The operating list was taped to the coordination wall, visible to anyone walking through the corridor, but it did not mean the same thing to everyone. To relatives, it was a row of names separating waiting from hope. To nurses, it was pure logistics: rooms, shifts, instruments, inevitable delays. To senior surgeons, it was territory. To young residents, it was a ladder too narrow, with every rung already claimed.

Lin Xuan read it before putting on his coat. Seven procedures were scheduled: two gallbladders, one hernia repair, a complicated appendix, an abdominal exploration that smelled of a hidden problem, a deep wound cleaning, and a minor intervention that would probably take longer than expected. His name appeared nowhere. He had not expected it to. Still, its absence left a dry sting.

Doctor Sun arrived behind him with a cup of tea so dark it looked medicinal.

"Staring at lists does not make people invite you."

"Staring at scalpels does not teach me how to use them either."

"That depends on how you stare and how little you get in the way."

Sun handed him three charts.

"Preoperative reviews.

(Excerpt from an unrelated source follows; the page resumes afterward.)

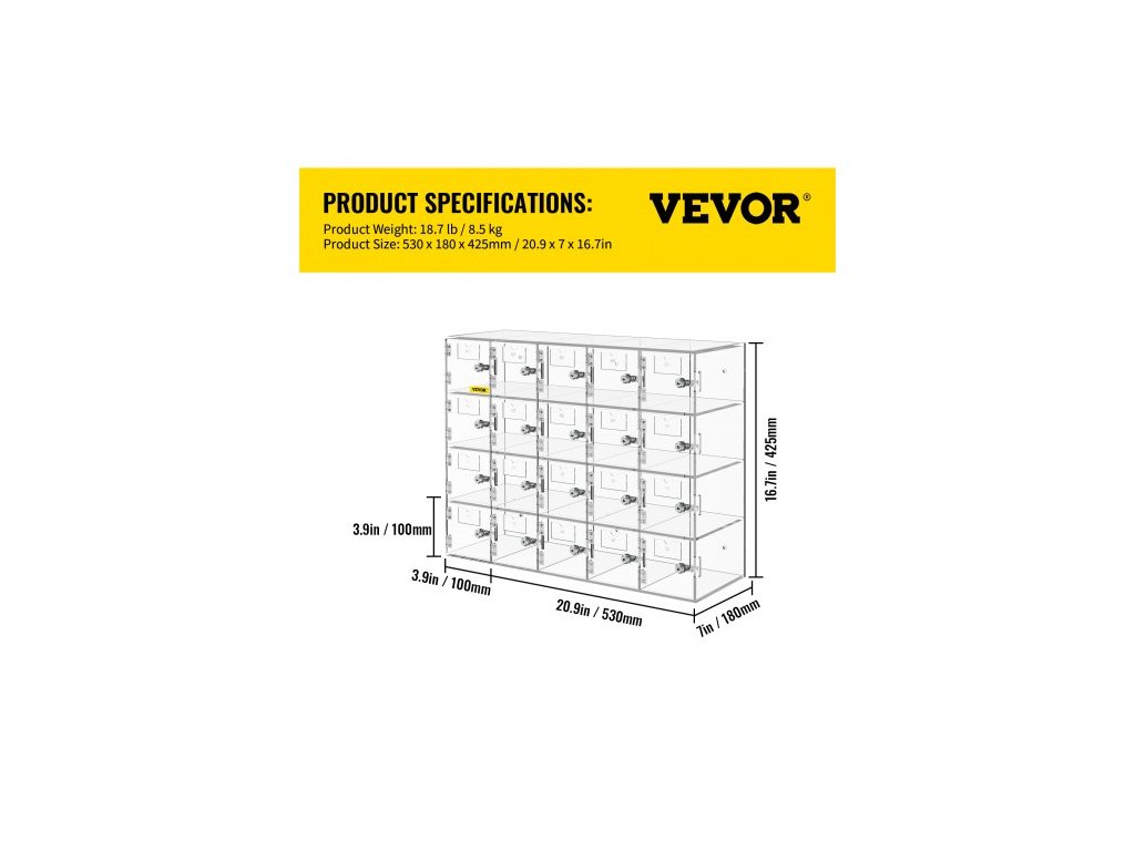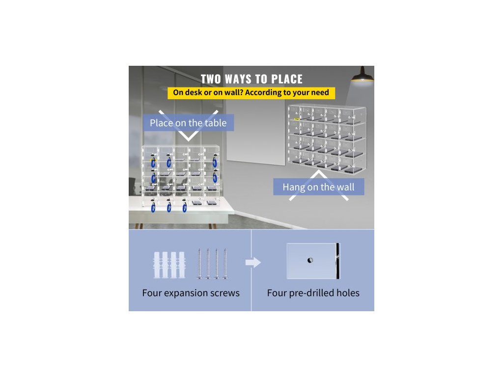 Způsob instalace: Šroubování, Velikost každého slotu: 3,9 x 7 x 3,9 palce/10 x 18 x 10 cm, Nosnost: 20 kg/44 lbs, Tvar: Obdélníkový, Hrubá hmotnost: 18,7 lb/8,5 kg, Materiál zámku: Nerezová ocel, Počet slotů: 20, Barva: Průhledná, Model: SJG-YKL-20M, Materiál: Akryl, Typ montáže: Nástěnná montáž, Volně stojící, Velikost výrobku: 20,9 x 7 x 16,7 53 x 18 x 42,5 cm

Read them. If you find something useful, maybe you can enter and watch. If not, you will do what everyone in a hurry to become a surgeon does: carry papers and look offended."

Lin Xuan accepted the charts without complaint. He had learned that Sun rarely handed opportunities out in the shape of opportunities. He usually wrapped them in something boring to see who could endure it. Lin Xuan sat in a corner of the doctors' room and began with the hernia repair. Nothing remarkable. Then the gallbladder case of a diabetic woman with borderline kidney function and a history of strange reactions to medication. He stopped there. He reread the anesthesia note, labs, recent medications, and background recorded with careless handwriting. There was a mismatch between a potassium value, a poorly recorded diuretic, and an emergency note no one seemed to have integrated.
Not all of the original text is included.